Les étirements peuvent également provoquer des micro-lésions. Vous comprendrez donc qu’il vaut mieux les proscrire avant séance puisque, dans le pire des cas, ils pourraient cacher une douleur pendant la course, jusqu’à aggraver la blessure initiale.

Après la séance, des étirements courts de faible intensité peuvent être réalisés pour redonner leur longueur initiale aux muscles qui se contractent à l’effort. Evitez la recherche d’un gain de souplesse (étirements longs et intenses). Qui plus est, comme nous l’avons précisé plus haut, s’étirer diminue la circulation sanguine et ne favorise donc pas la récupération post-effort.

 

3. IL FAUT COURIR LONGTEMPS À UN RYTHME MODÉRÉ POUR PERDRE DU POIDS, ET DE PRÉFÉRENCE LE MATIN À JEUN

Quand nous courons, nous utilisons 2 carburants : les lipides et les glucides. Si on court à une allure plutôt lente, on a tendance à utiliser les lipides. A contrario, pour les séances à intensité plus élevée, on consomme davantage les sucres lents. Les séances courtes à forte intensité activent le métabolisme, autrement dit les réactions du corps après l’effort qui continue de brûler des calories, et ce même après la séance, alors que les séances longues à faible intensité fatiguent l’organisme et donc le métabolisme qui sera moins efficace pour brûler des calories.

L’idéal est donc de réaliser des séances à intensités différentes pour perdre du poids, en variant leur durée pour solliciter toutes les filières énergétiques et éviter la monotonie.

En ce qui concerne le fait de courir à jeun, cela peut être bénéfique de manière occasionnelle pour « puiser » dans les réserves mais à réaliser avec prudence : ne faites pas de séance intensive ou très longue sans avoir mangé !

           

4. APRÈS UN ENTRAÎNEMENT OU UNE COURSE, ON PEUT MANGER CE QU'ON VEUT SANS PRENDRE DE POIDS

Après l’effort, notre organisme offre ce qu’on appelle une « fenêtre glycémique », c’est-à-dire une période d’environ 4h, avec une efficacité maximale dans les 30 minutes suivant l’exercice, pendant lesquelles le corps, et surtout les muscles, ont une meilleure capacité d’absorption.
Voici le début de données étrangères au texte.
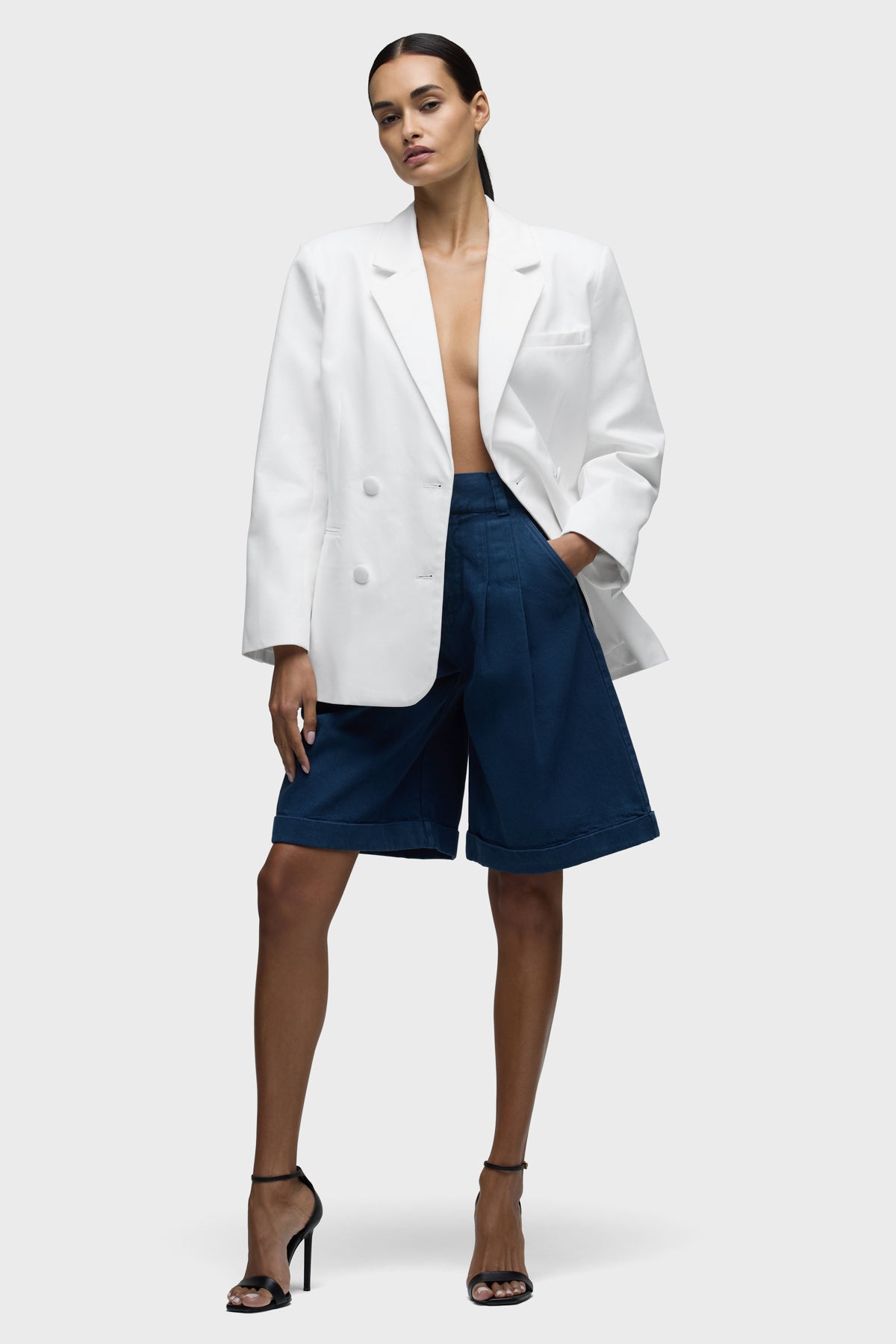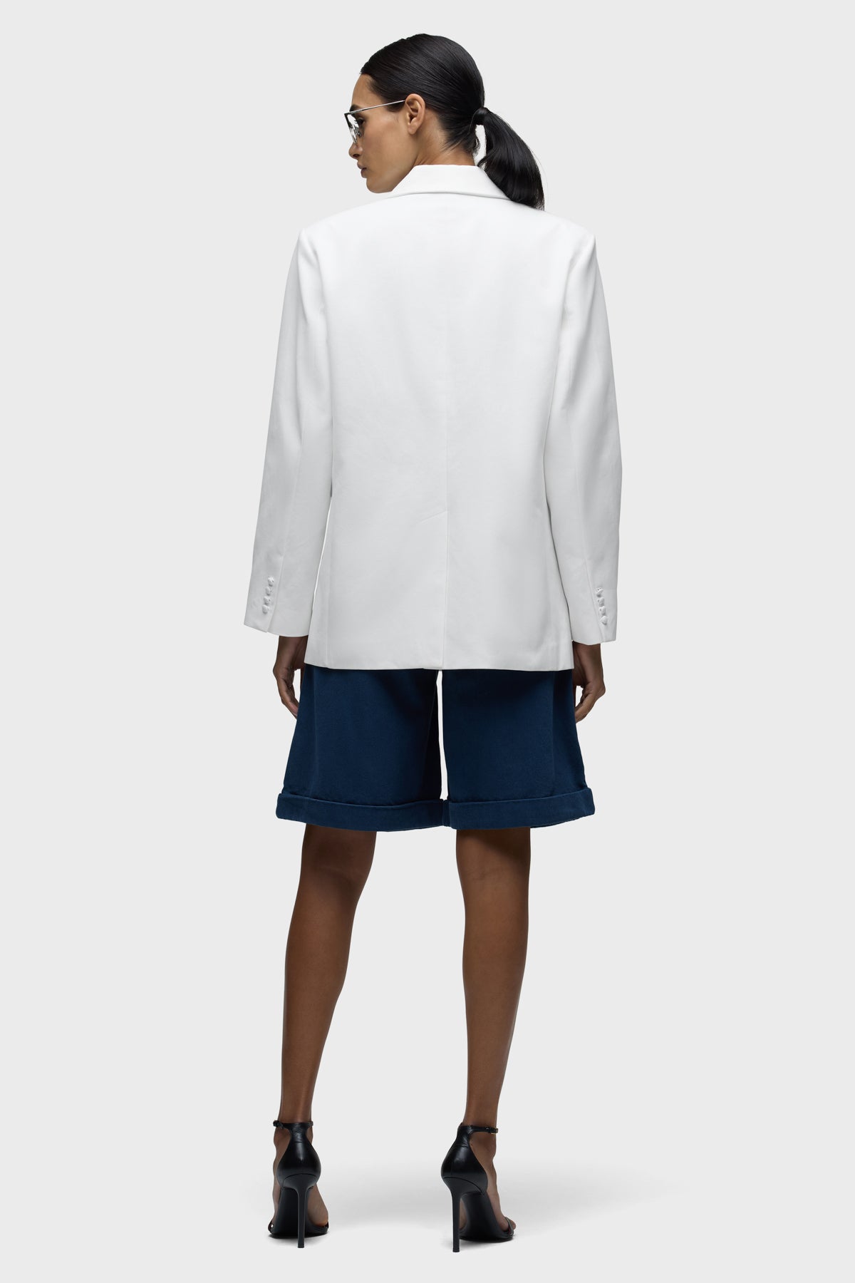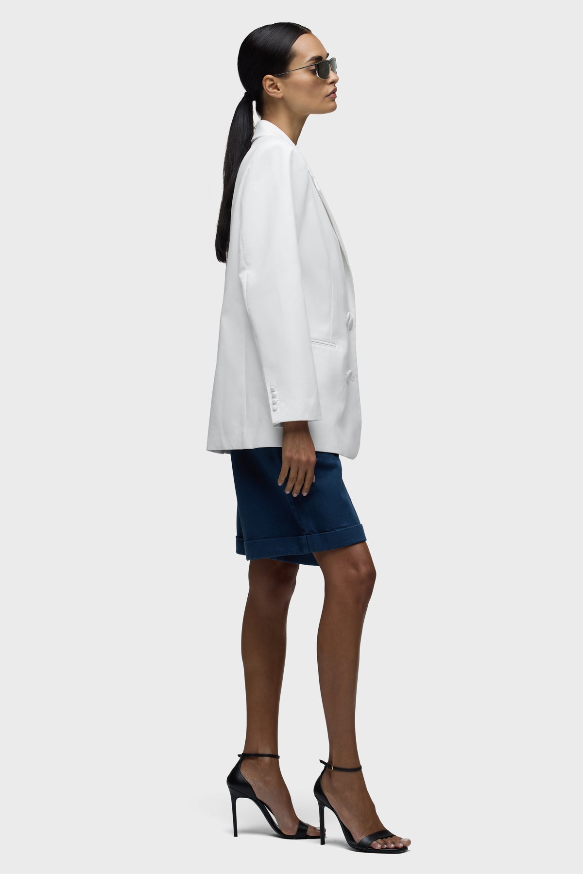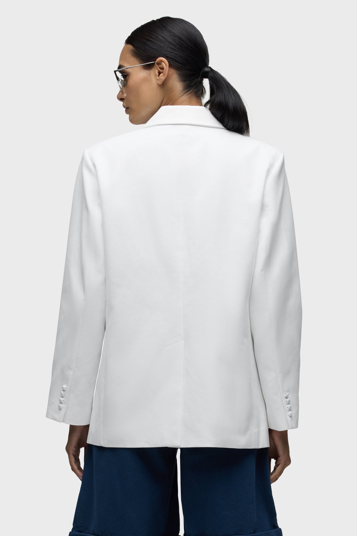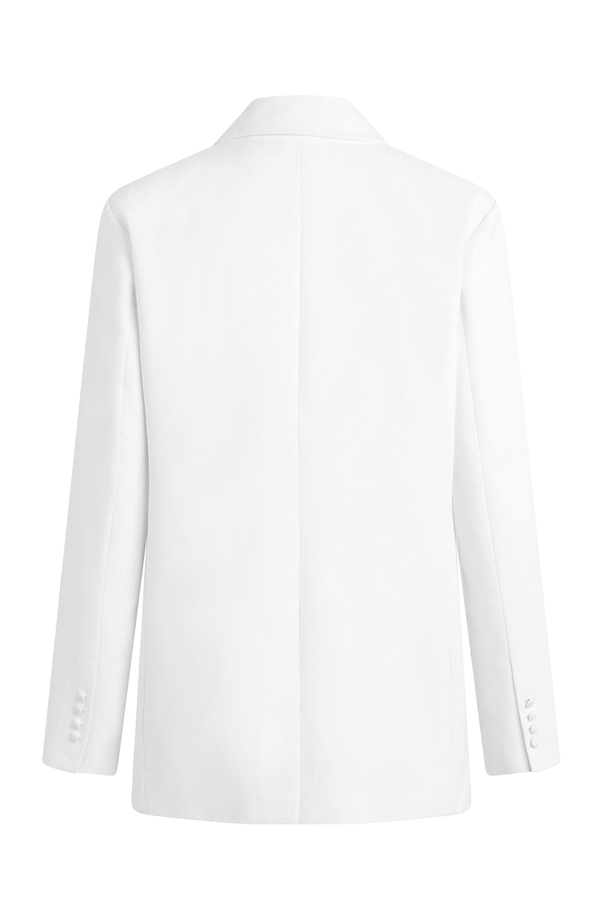 Part of our Brooks Nader collab capsule, the Mae Oversized Blazer in White is a fully lined, double breasted blazer with self covered buttons, an oversized body and shoulder pads. This capsule was curated by model Brooks Nader and features her personal closet must-haves. -

Profitez de cette période pour régénérer les réserves que vous avez consommées ! Cela ne signifie pas manger n’importe quoi mais bien apporter des nutriments utiles à la régénération du muscle : glucides, protéines et lipides via des boissons (énergétiques ou jus de fruits), des yaourts, des protéines animales ou végétales (jambon, amandes, œufs…).

 

5. EN VIEILLISSANT, ON NE PEUT PLUS PROGRESSER

De manière physiologique, en vieillissant, les fibres de nos muscles se transforment progressivement, évoluant vers des fibres dites « lentes ». C’est donc tout à fait logique que l’âge moyen sur les courses de longue distance augmente.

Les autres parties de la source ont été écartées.